▸ **WORK ORDER**:
For the records below, output word for word the lines from the one with "Podsufitka, rozeta do" up to and including the one with "with colorful sky". No pictures.

▸ **RECORD EXTRACTS**:
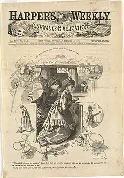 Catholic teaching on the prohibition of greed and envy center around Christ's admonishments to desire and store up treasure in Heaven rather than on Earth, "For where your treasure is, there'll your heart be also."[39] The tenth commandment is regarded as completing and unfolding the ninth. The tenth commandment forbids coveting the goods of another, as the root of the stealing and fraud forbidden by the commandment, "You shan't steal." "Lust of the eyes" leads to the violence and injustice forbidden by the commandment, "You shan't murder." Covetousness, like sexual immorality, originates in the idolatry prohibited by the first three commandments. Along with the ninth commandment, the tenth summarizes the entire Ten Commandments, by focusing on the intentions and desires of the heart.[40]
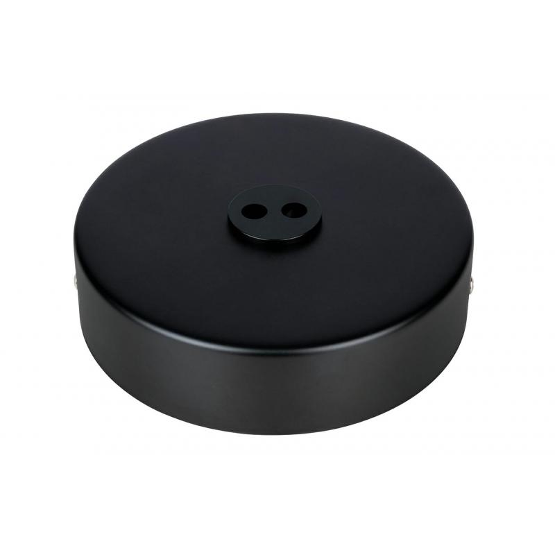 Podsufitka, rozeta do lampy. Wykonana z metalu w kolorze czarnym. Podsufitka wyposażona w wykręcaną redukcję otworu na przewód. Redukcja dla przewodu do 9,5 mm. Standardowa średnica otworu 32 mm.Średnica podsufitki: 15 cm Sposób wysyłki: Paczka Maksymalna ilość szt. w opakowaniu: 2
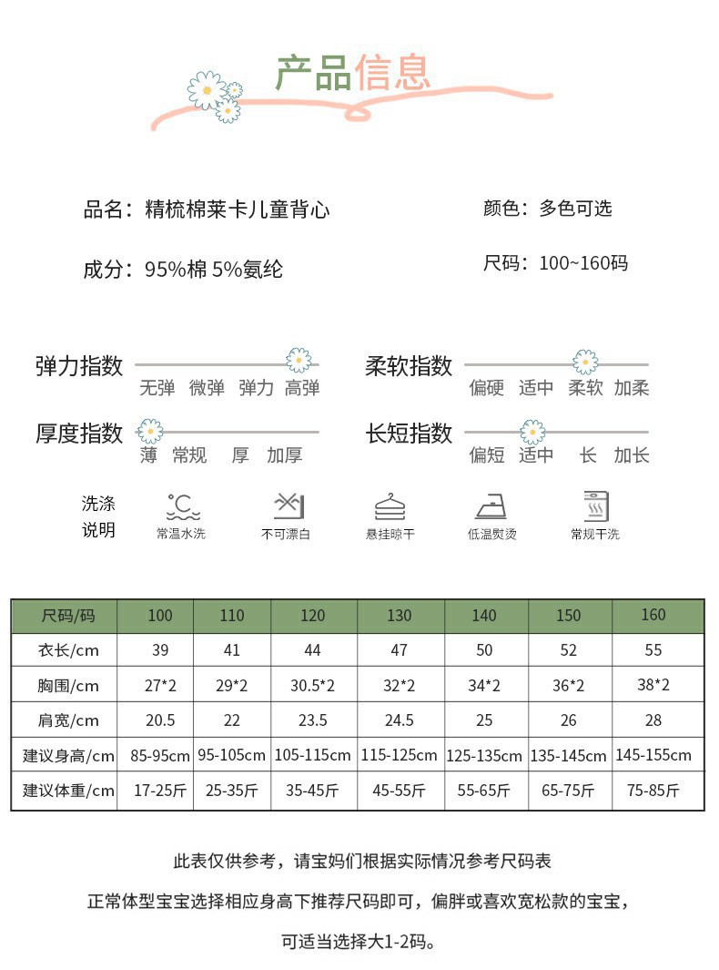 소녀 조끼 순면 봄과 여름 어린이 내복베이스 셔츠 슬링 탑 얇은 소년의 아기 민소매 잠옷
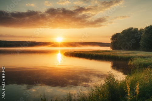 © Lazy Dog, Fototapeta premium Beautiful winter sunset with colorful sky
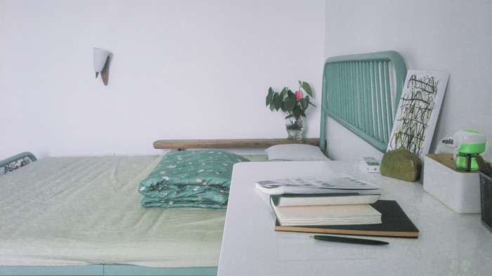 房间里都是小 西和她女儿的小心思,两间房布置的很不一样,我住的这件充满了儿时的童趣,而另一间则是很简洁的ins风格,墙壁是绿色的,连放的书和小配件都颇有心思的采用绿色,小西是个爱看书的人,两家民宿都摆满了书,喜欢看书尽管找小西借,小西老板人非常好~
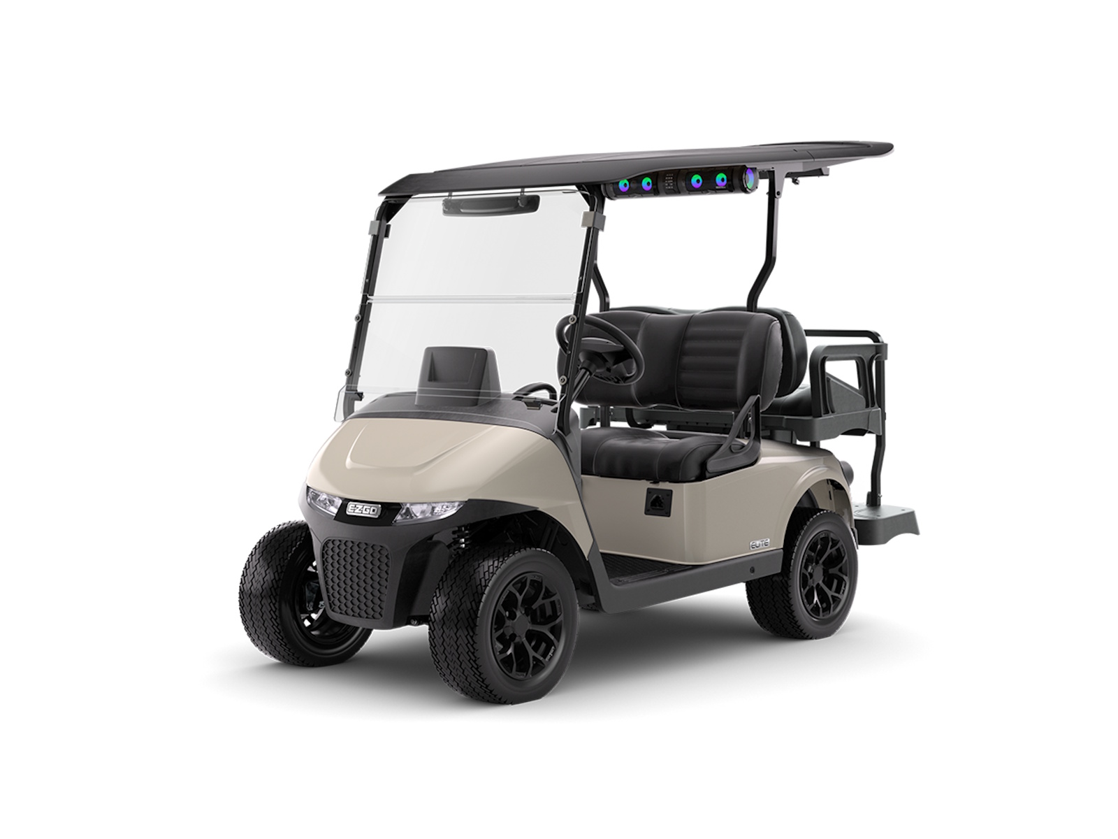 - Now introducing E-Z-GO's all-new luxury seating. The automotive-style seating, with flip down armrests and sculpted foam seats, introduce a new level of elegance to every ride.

==

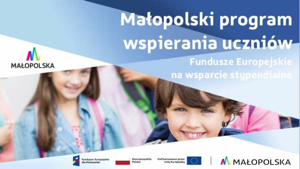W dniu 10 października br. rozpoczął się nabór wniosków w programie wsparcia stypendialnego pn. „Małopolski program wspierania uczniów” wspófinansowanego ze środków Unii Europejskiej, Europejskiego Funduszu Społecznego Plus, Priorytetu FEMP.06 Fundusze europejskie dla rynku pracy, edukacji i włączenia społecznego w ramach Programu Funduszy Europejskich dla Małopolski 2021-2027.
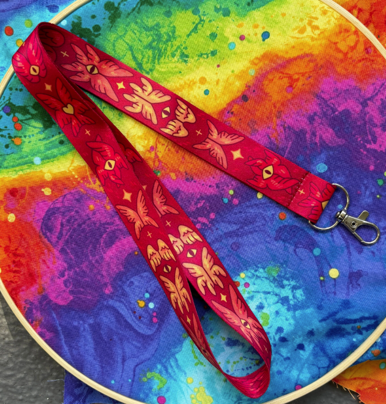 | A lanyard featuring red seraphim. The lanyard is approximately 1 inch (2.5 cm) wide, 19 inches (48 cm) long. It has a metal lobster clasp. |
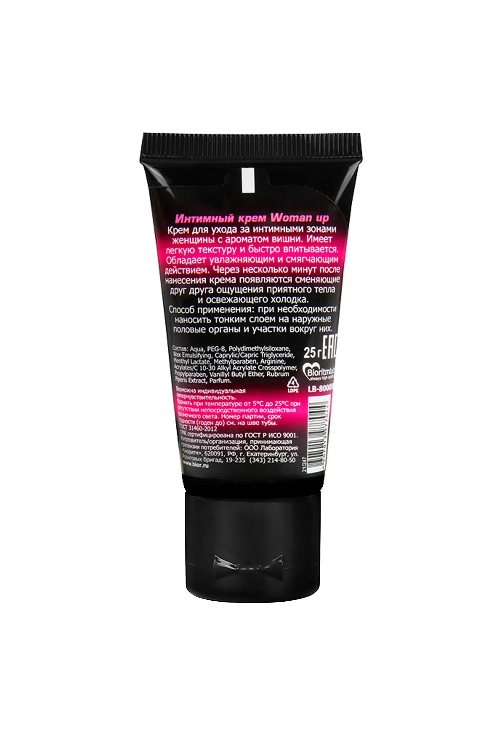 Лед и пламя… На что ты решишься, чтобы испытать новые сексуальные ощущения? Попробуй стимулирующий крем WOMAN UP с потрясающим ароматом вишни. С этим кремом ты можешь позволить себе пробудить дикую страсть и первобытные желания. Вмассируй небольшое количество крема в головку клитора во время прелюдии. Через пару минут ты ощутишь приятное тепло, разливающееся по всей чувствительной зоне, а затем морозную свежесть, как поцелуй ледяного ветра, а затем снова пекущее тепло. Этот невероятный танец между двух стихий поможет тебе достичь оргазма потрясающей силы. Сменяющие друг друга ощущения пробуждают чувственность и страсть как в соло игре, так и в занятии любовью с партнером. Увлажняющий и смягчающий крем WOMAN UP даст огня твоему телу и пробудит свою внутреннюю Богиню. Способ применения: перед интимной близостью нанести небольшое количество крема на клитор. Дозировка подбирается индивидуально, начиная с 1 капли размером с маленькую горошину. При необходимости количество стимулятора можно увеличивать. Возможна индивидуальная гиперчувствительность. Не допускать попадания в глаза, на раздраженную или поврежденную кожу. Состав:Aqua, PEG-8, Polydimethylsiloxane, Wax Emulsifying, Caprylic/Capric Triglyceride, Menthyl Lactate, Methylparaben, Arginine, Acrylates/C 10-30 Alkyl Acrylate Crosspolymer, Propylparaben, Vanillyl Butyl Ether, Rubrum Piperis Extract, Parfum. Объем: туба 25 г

▸ **RESPONSE**:
 Podsufitka, rozeta do lampy. Wykonana z metalu w kolorze czarnym. Podsufitka wyposażona w wykręcaną redukcję otworu na przewód. Redukcja dla przewodu do 9,5 mm. Standardowa średnica otworu 32 mm.Średnica podsufitki: 15 cm Sposób wysyłki: Paczka Maksymalna ilość szt. w opakowaniu: 2
 소녀 조끼 순면 봄과 여름 어린이 내복베이스 셔츠 슬링 탑 얇은 소년의 아기 민소매 잠옷
 © Lazy Dog, Fototapeta premium Beautiful winter sunset with colorful sky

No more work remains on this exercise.